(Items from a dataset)
= Beginning of Section =
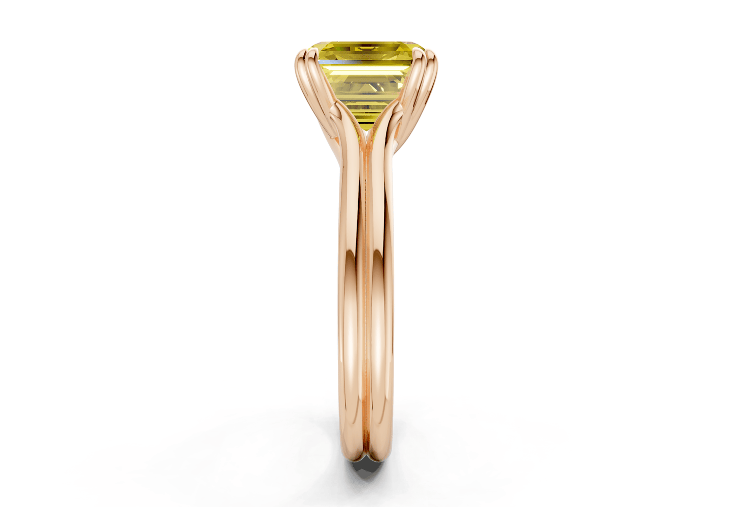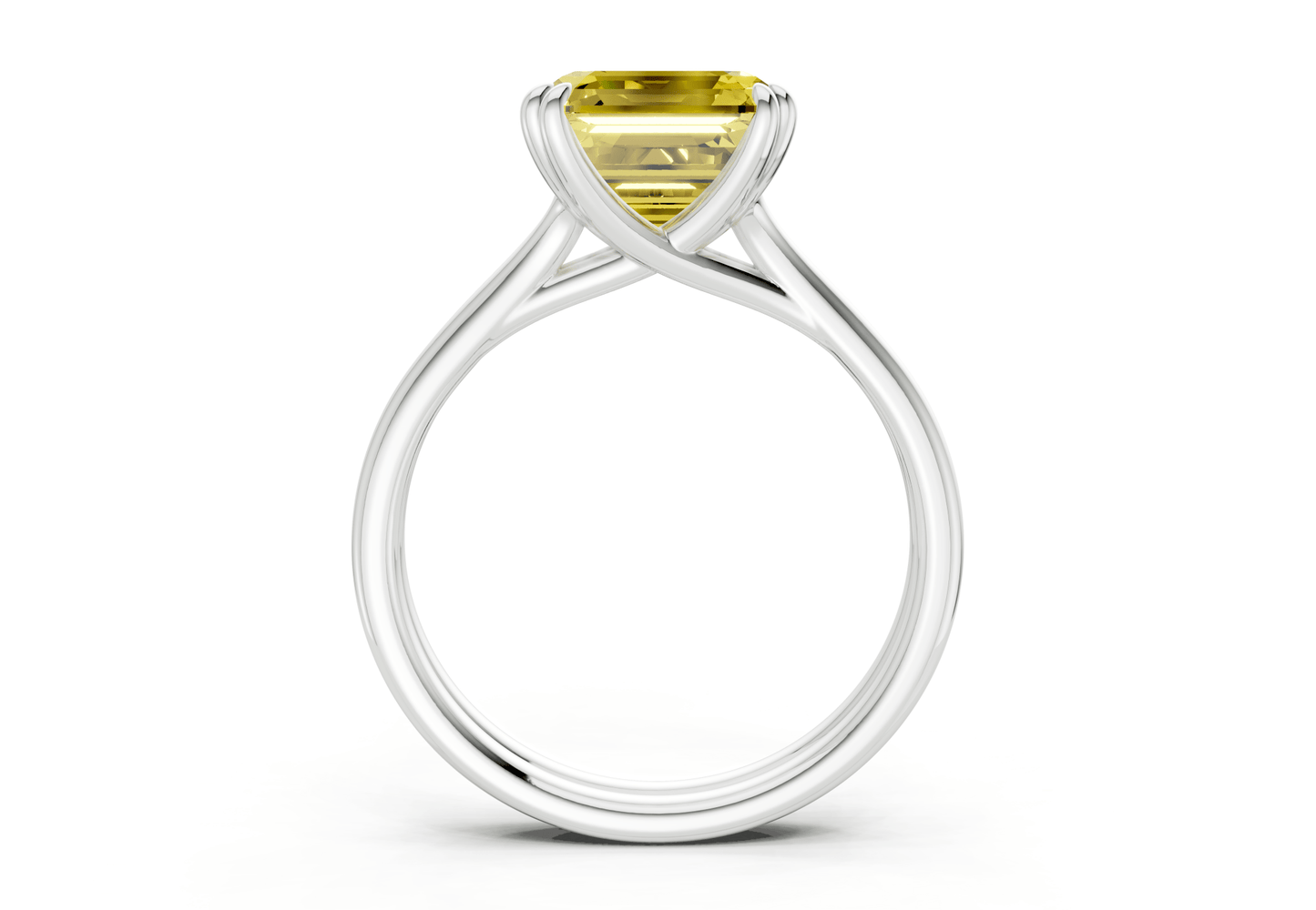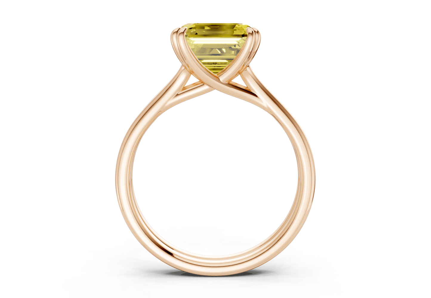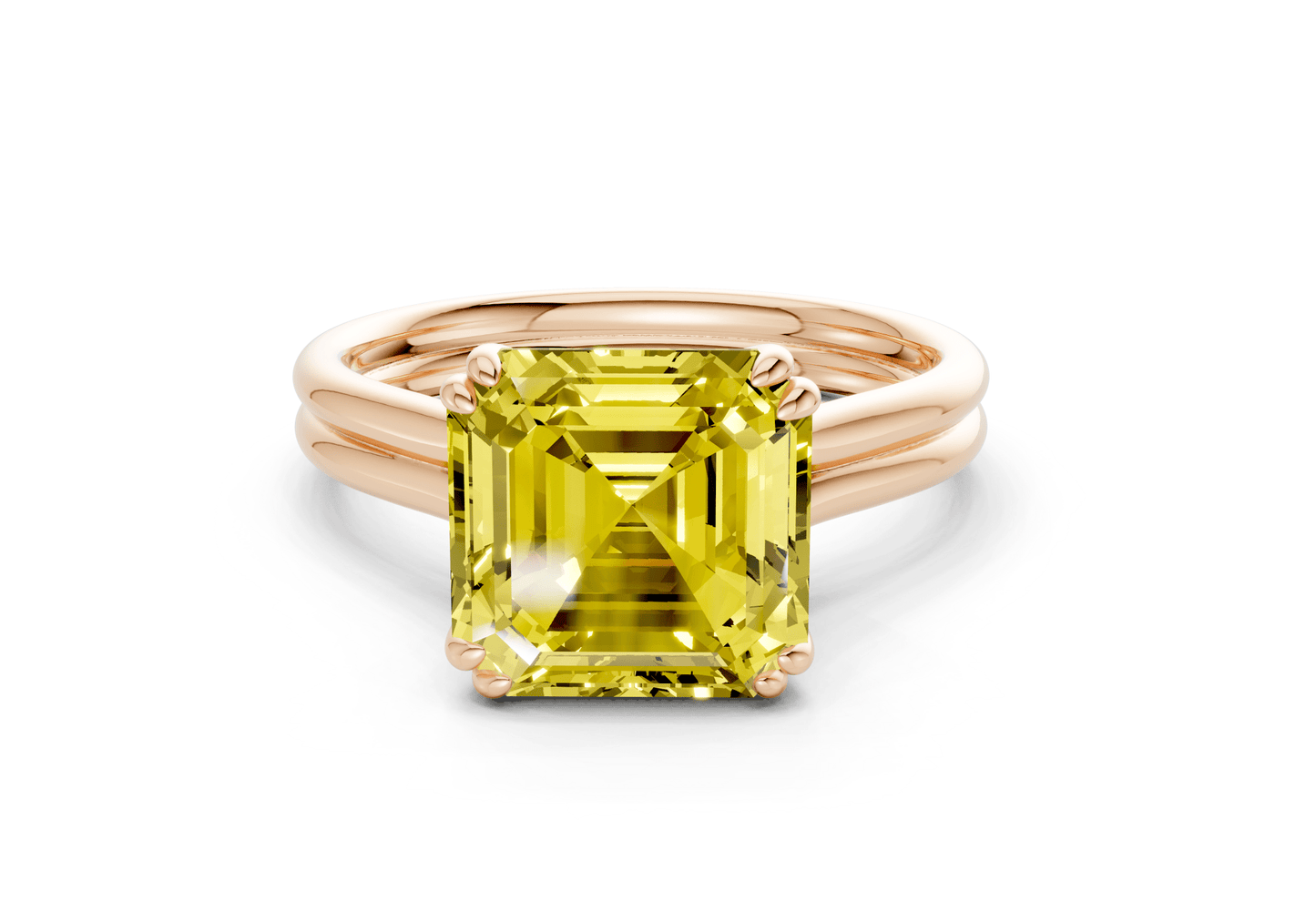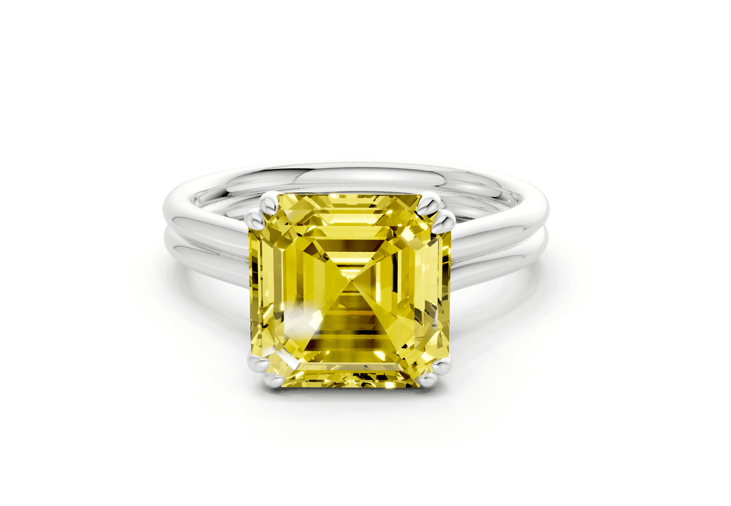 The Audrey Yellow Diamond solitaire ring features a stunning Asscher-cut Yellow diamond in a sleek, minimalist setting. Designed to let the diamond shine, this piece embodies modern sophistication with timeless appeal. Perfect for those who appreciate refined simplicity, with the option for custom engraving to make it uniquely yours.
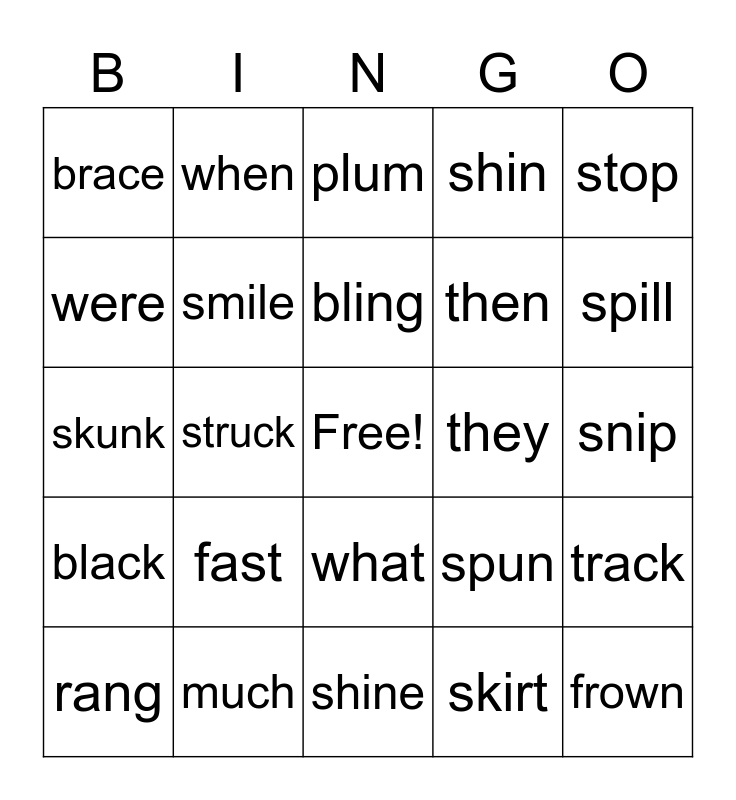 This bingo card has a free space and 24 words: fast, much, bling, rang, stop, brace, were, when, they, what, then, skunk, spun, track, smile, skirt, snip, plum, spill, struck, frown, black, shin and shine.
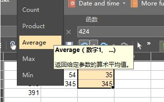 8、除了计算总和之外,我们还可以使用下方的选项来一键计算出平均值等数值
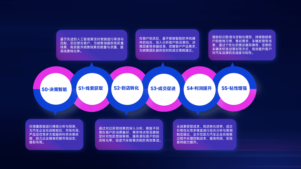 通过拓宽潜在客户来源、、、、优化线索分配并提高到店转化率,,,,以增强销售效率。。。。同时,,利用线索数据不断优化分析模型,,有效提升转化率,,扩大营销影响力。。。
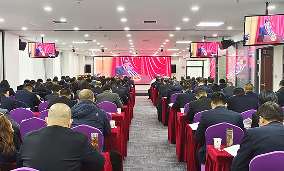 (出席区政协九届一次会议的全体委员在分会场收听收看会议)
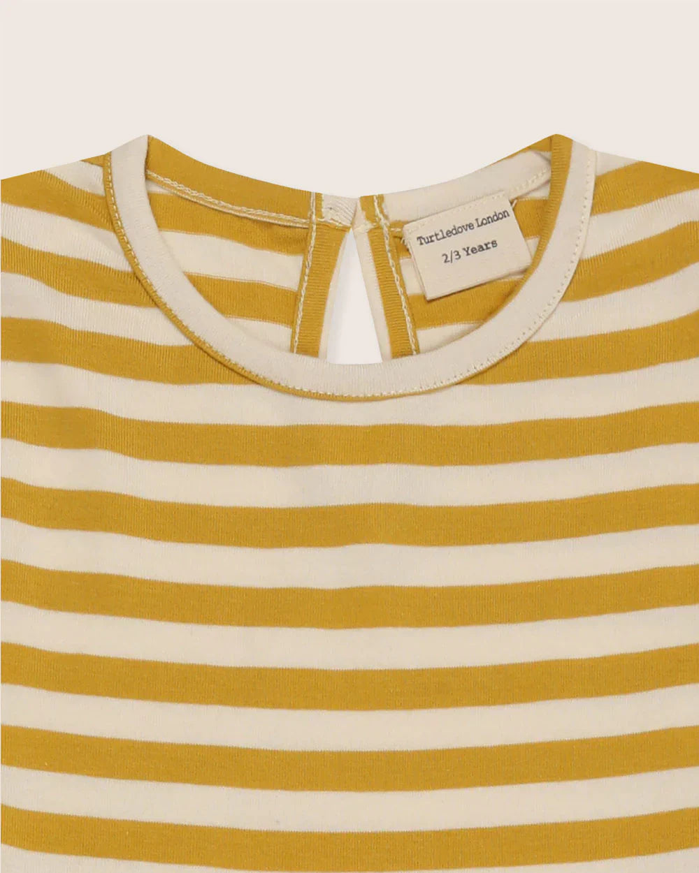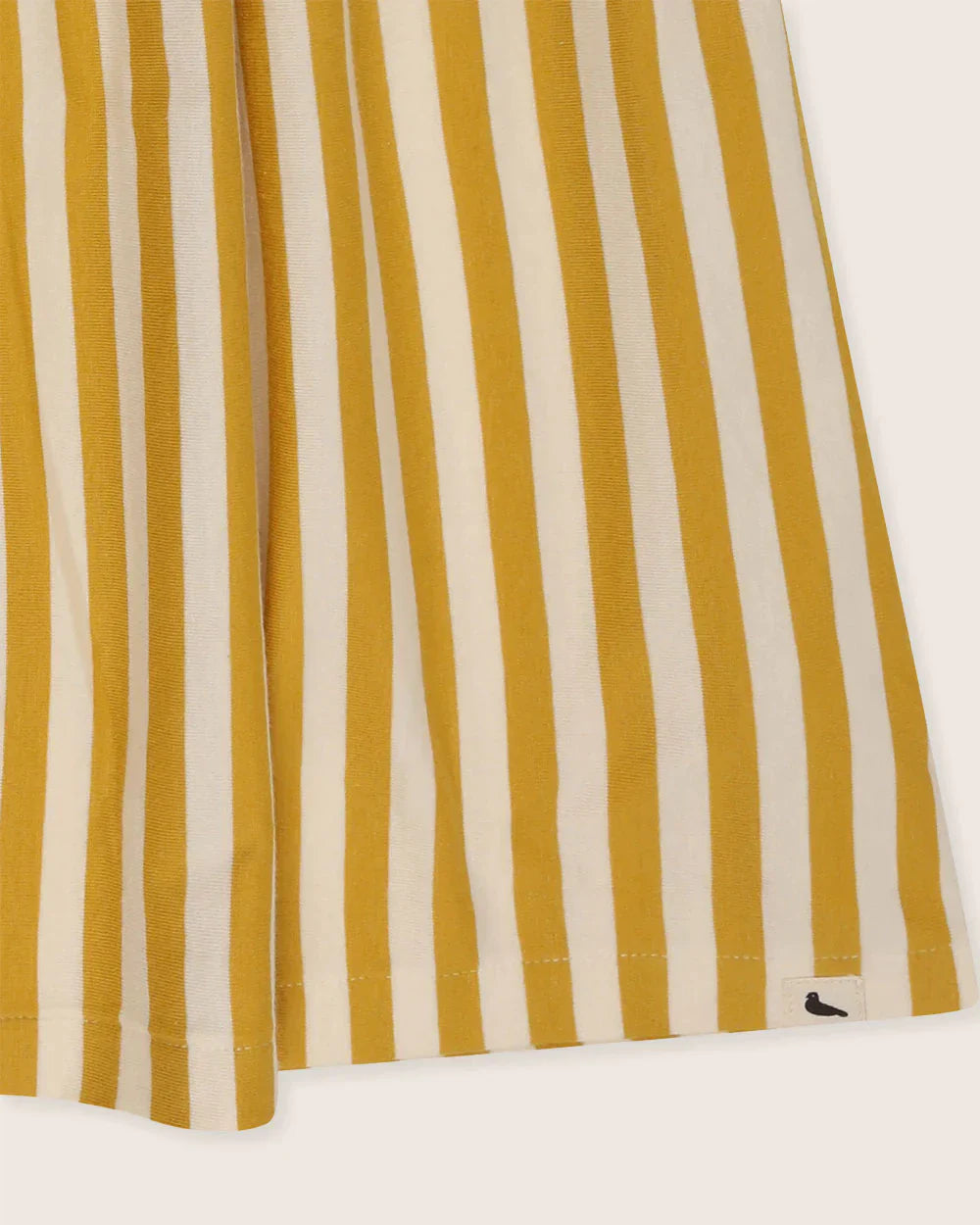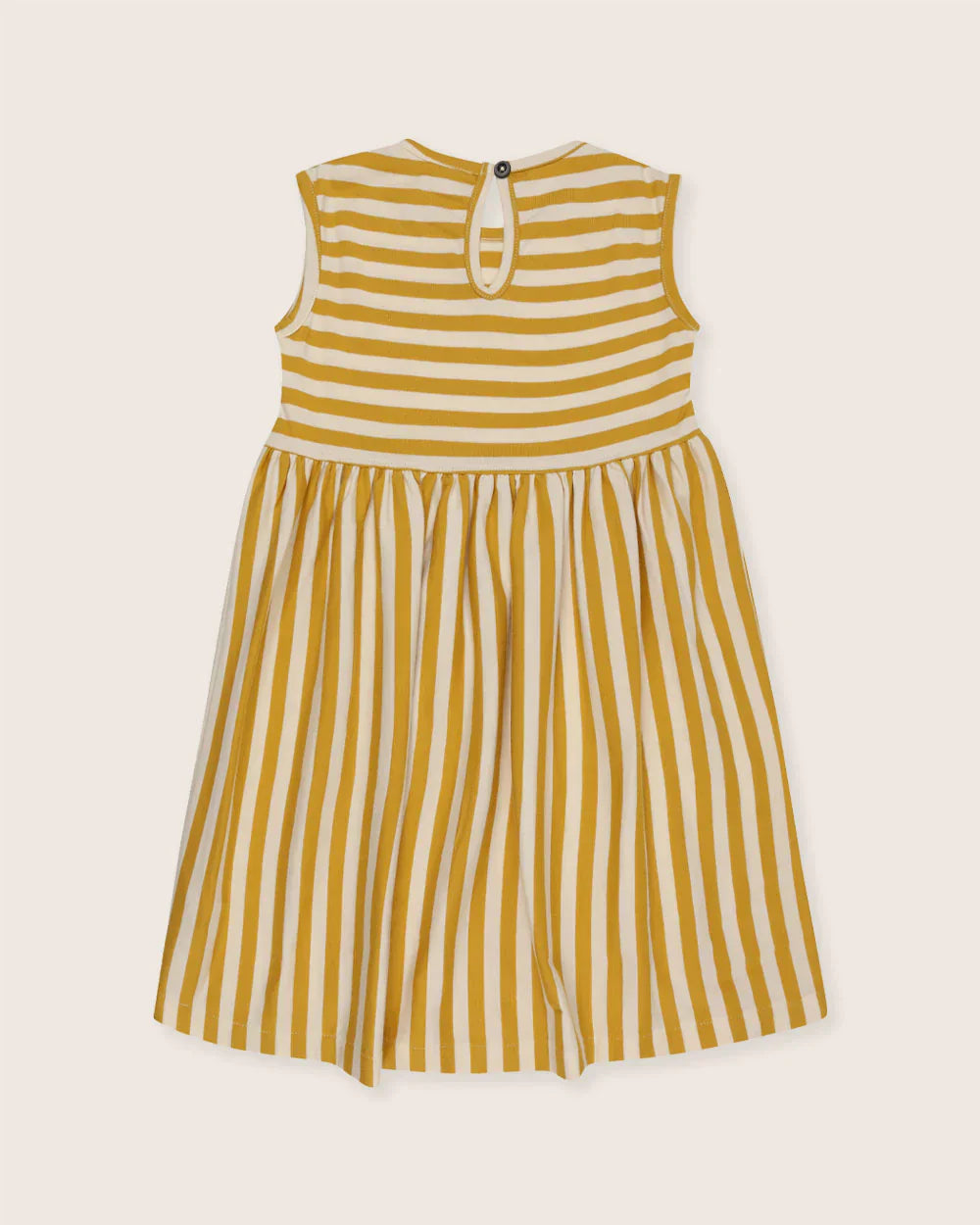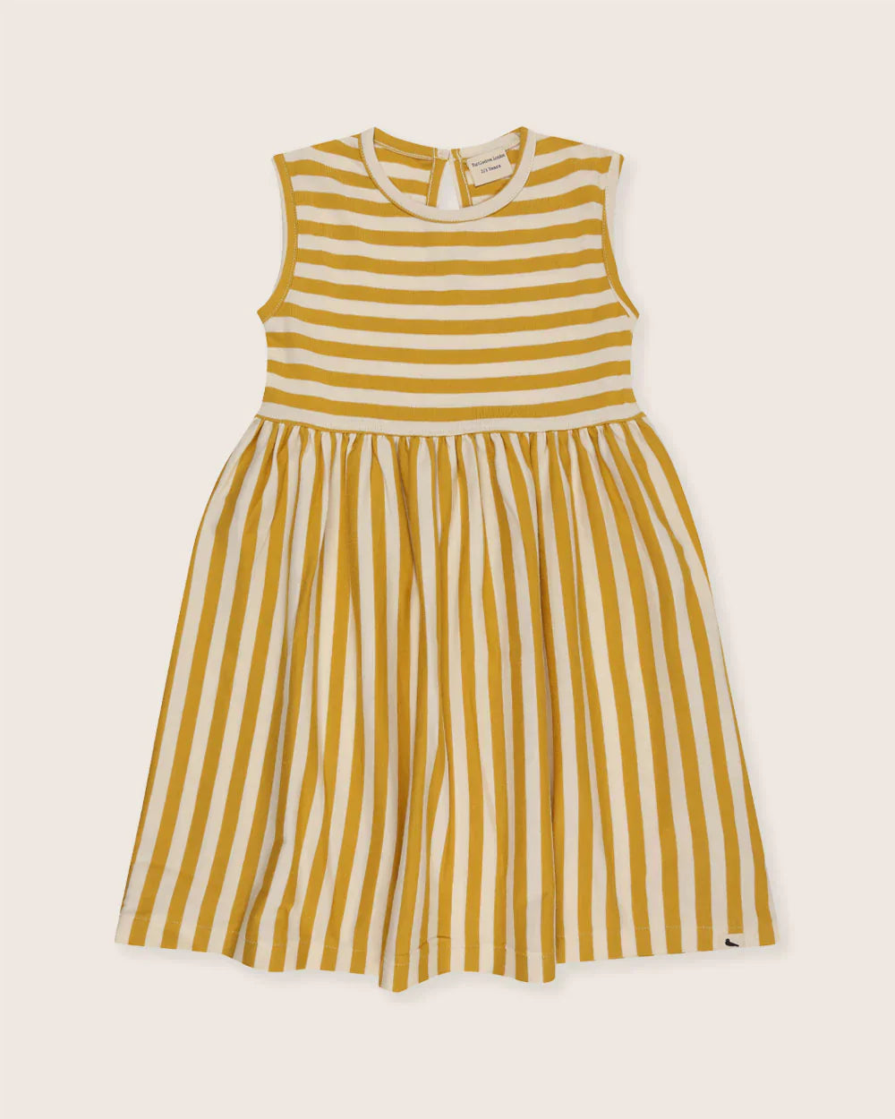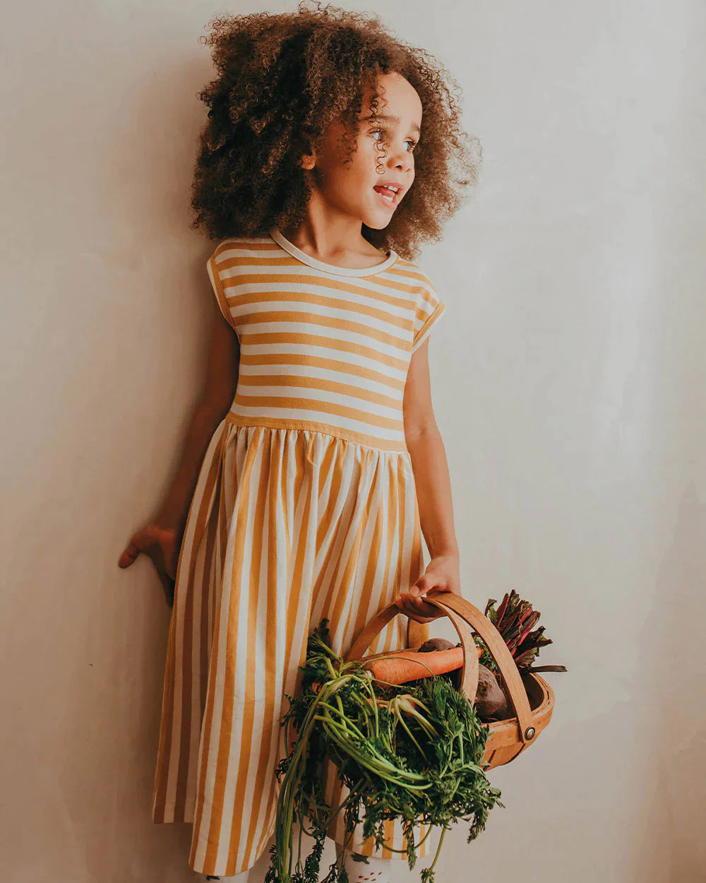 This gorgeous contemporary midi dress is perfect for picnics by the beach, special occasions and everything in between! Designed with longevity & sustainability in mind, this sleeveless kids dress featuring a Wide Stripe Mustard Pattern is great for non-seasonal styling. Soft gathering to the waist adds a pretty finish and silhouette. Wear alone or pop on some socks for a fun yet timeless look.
= End of Section =
— What is required —
Write out again only the lines from the line that contains "8、除了计算总和之外,我们还可以使用下方的选项来一键计算出平均值等数值" through the last line of the records, both ends included, without any of the pictures.

— Answer box —
 8、除了计算总和之外,我们还可以使用下方的选项来一键计算出平均值等数值
 通过拓宽潜在客户来源、、、、优化线索分配并提高到店转化率,,,,以增强销售效率。。。。同时,,利用线索数据不断优化分析模型,,有效提升转化率,,扩大营销影响力。。。
 (出席区政协九届一次会议的全体委员在分会场收听收看会议)
 This gorgeous contemporary midi dress is perfect for picnics by the beach, special occasions and everything in between! Designed with longevity & sustainability in mind, this sleeveless kids dress featuring a Wide Stripe Mustard Pattern is great for non-seasonal styling. Soft gathering to the waist adds a pretty finish and silhouette. Wear alone or pop on some socks for a fun yet timeless look.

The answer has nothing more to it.